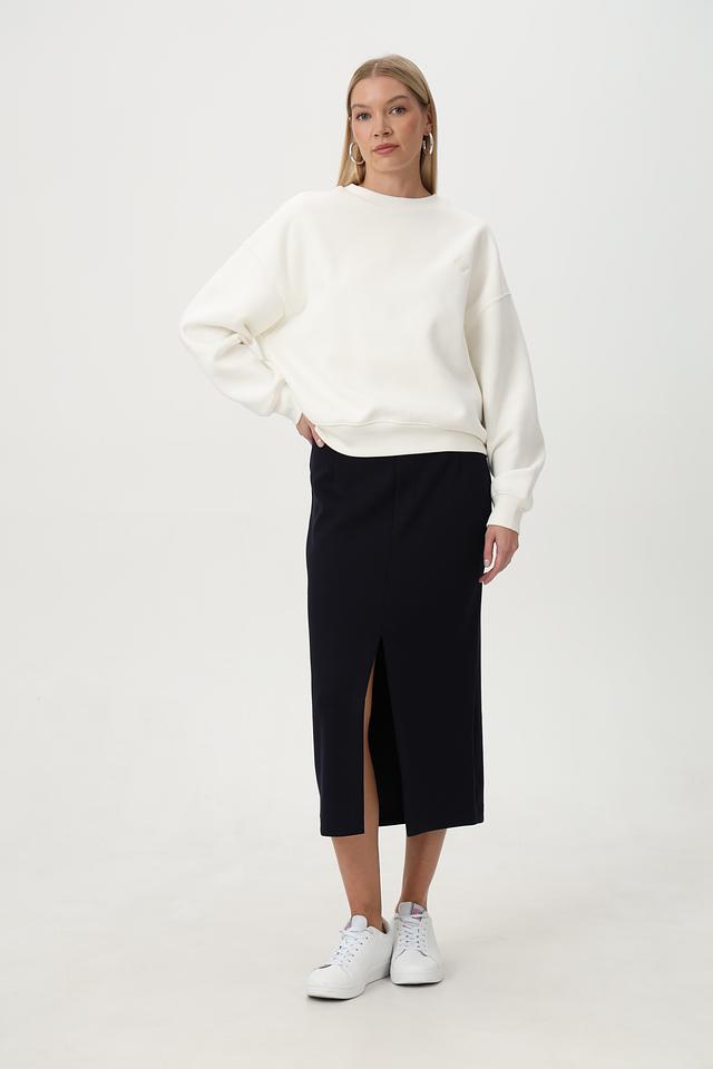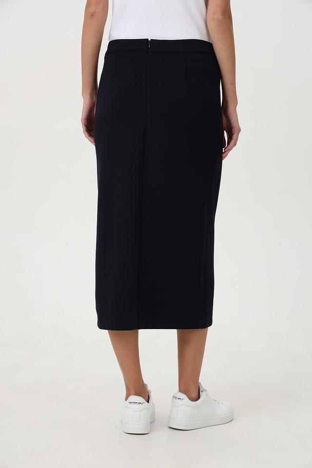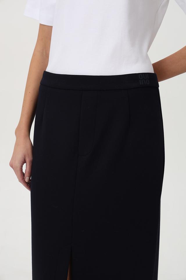 Классическая юбка миди от бренда Oui станет отличным дополнением к вашему гардеробу. Модель выполнена в тёмно-синем цвете и имеет элегантный крой с разрезом спереди.
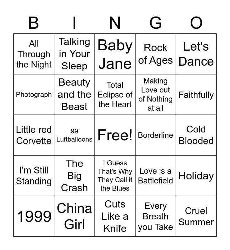This bingo card has a free space and 29 words: 1999, 2000 Miles, 99 Luftballoons, All Night Long, All Through the Night, Baby Jane, Beauty and the Beast, The Big Crash, Borderline, China Girl, Cold Blooded, Cruel Summer, Cuts Like a Knife, Every Breath you Take, Faithfully, Gimme All Your Lovin', I Guess That's Why They Call it the Blues, I'm Still Standing, Let's Dance, Little red Corvette, Love is a Battlefield, Mad World, Making Love out of Nothing at all, Photograph, Rock of Ages, Talking in Your Sleep, Holiday, Total Eclipse of the Heart and Uptown Girl.
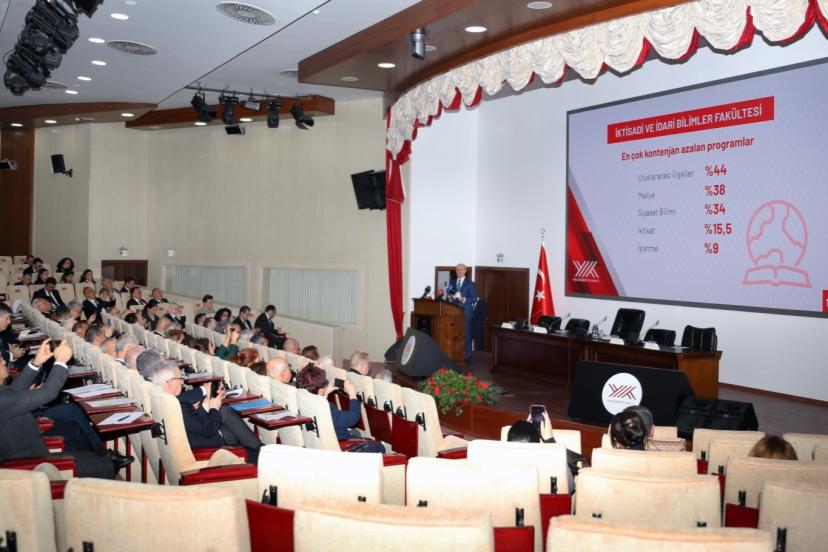 YÖK Başkanı Özvar, toplantıdaki konuşmasında 2023-2025 döneminde gerçekleşen kontenjan değişikliklerine ilişkin bilgi verdi.
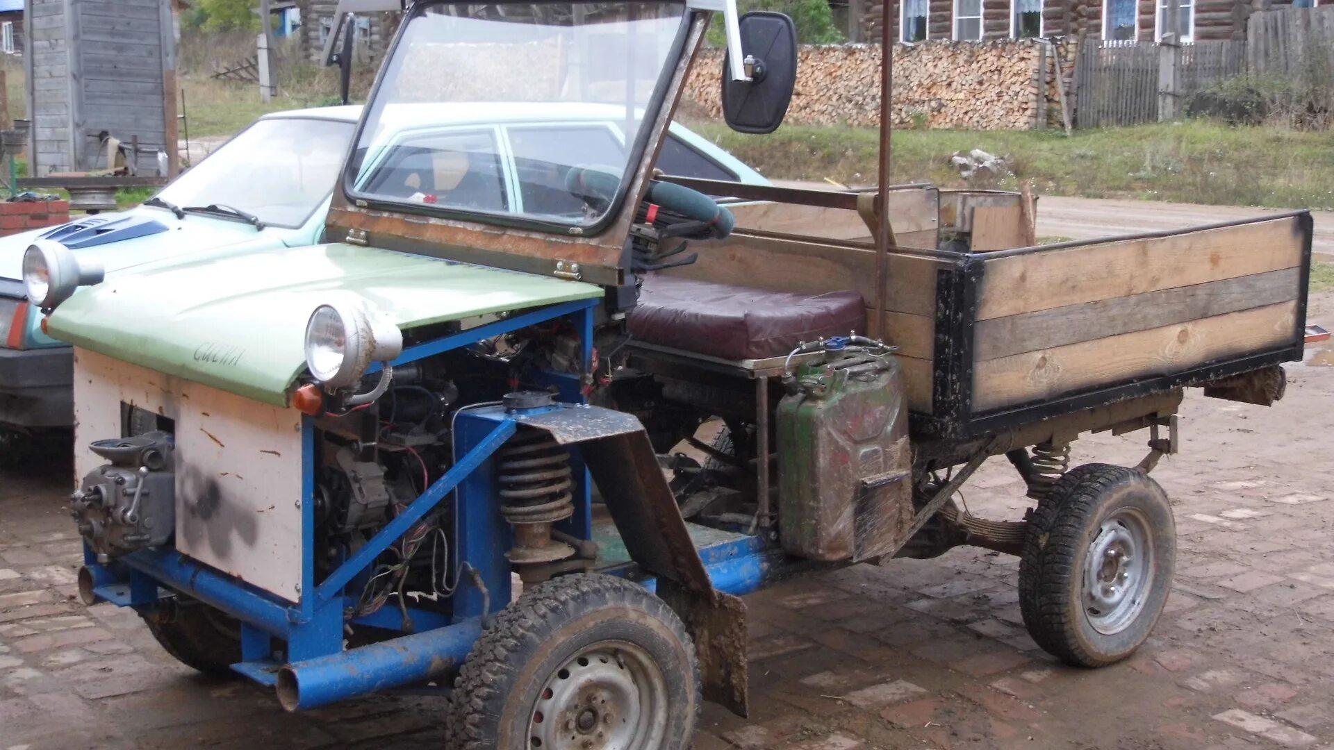 ![Самодельный трехколесный минитрактор]()

Task statement: The result should be the full material above, word for word, with its pictures omitted.

Solution to the problem:
 Классическая юбка миди от бренда Oui станет отличным дополнением к вашему гардеробу. Модель выполнена в тёмно-синем цвете и имеет элегантный крой с разрезом спереди.
This bingo card has a free space and 29 words: 1999, 2000 Miles, 99 Luftballoons, All Night Long, All Through the Night, Baby Jane, Beauty and the Beast, The Big Crash, Borderline, China Girl, Cold Blooded, Cruel Summer, Cuts Like a Knife, Every Breath you Take, Faithfully, Gimme All Your Lovin', I Guess That's Why They Call it the Blues, I'm Still Standing, Let's Dance, Little red Corvette, Love is a Battlefield, Mad World, Making Love out of Nothing at all, Photograph, Rock of Ages, Talking in Your Sleep, Holiday, Total Eclipse of the Heart and Uptown Girl.
 YÖK Başkanı Özvar, toplantıdaki konuşmasında 2023-2025 döneminde gerçekleşen kontenjan değişikliklerine ilişkin bilgi verdi.
 ![Самодельный трехколесный минитрактор]()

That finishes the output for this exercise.